The Cider House Rules (1999)
Likeable, forgettable
The latest adaption of a John Irving novel is a more than decent, likeable, and mostly forgettable film which has all the usual Irving-isms and characters. (Previous Irving films include World According to Garp, Hotel New Hampshire, and the treacly Simon Birch, extremely loosely adapted from Prayer for Owen Meaney.)
If you like Tobey Maguire - and who doesn't, the guy's so darned likeable - and Michael Caine, who gives one of his better performances (and first with an American accent!), and don't mind the sight of Charlize Theron (I sure don't), and enjoy looking at beautiful New England scenery... then you'll enjoy this film. The story is about an orphan who grows up to assist a doctor (Caine) who runs an abortion clinic out of the orphanage; the orphan (Maguire) ends up falling for a patient (Theron) whose boyfriend is serving in WWII. Maguire goes to work on the boyfriend's family's apple farm, where he works side-by-side with a group of African Americans who give him a new perspective on the world. And so on...

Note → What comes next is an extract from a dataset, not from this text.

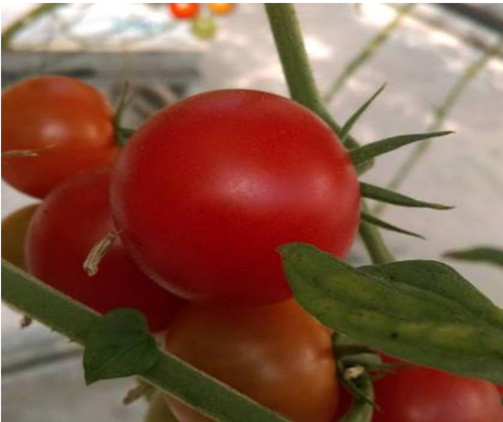
圖 14：高端蔬菜種植溫室所栽種之蕃茄。

The whole thing is fairly predictable and not super original, and is full of schmaltzy touches (the cute and dying little orphan boy)... and yet with a game cast, nice photography and direction (the director Lasse Hallstrom also made "My Life as a Dog"), and good period recreation, it's a very hard film to dislike. Hard to remember that this was such a controversial book when it first came out.
Good escapism and nothing more. I'd give it a 6 out of 10.